> _Assigned task_
First find the line with "7月17日,人們在法國蒙彼利埃的圣羅克教堂前用餐。", then reproduce it and all following lines of the data to the end, exactly and with no pictures, adding nothing.

> _Information supplied_
--- START ---
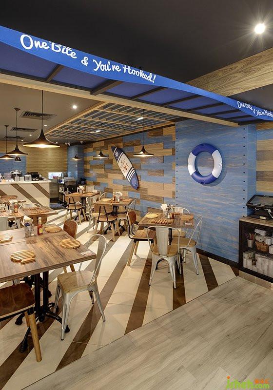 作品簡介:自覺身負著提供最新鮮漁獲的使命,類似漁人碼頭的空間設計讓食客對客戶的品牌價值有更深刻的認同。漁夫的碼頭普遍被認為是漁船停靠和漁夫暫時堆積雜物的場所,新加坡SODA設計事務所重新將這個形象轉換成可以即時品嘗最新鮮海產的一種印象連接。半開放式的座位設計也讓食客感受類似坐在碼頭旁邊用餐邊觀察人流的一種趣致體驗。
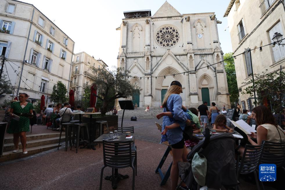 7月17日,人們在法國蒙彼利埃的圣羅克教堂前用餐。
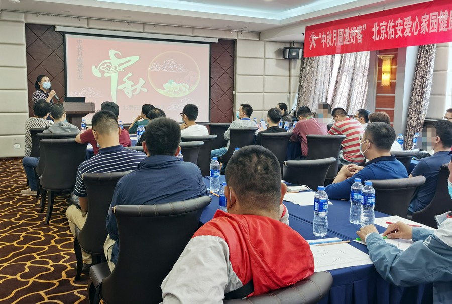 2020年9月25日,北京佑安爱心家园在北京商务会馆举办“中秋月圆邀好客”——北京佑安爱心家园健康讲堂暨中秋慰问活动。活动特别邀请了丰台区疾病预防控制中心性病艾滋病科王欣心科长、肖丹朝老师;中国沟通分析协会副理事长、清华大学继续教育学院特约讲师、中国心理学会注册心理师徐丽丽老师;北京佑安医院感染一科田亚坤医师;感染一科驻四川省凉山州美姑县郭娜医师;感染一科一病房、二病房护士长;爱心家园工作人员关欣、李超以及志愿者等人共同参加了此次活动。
--- END ---
> _Solution for this exercise_
 7月17日,人們在法國蒙彼利埃的圣羅克教堂前用餐。
 2020年9月25日,北京佑安爱心家园在北京商务会馆举办“中秋月圆邀好客”——北京佑安爱心家园健康讲堂暨中秋慰问活动。活动特别邀请了丰台区疾病预防控制中心性病艾滋病科王欣心科长、肖丹朝老师;中国沟通分析协会副理事长、清华大学继续教育学院特约讲师、中国心理学会注册心理师徐丽丽老师;北京佑安医院感染一科田亚坤医师;感染一科驻四川省凉山州美姑县郭娜医师;感染一科一病房、二病房护士长;爱心家园工作人员关欣、李超以及志愿者等人共同参加了此次活动。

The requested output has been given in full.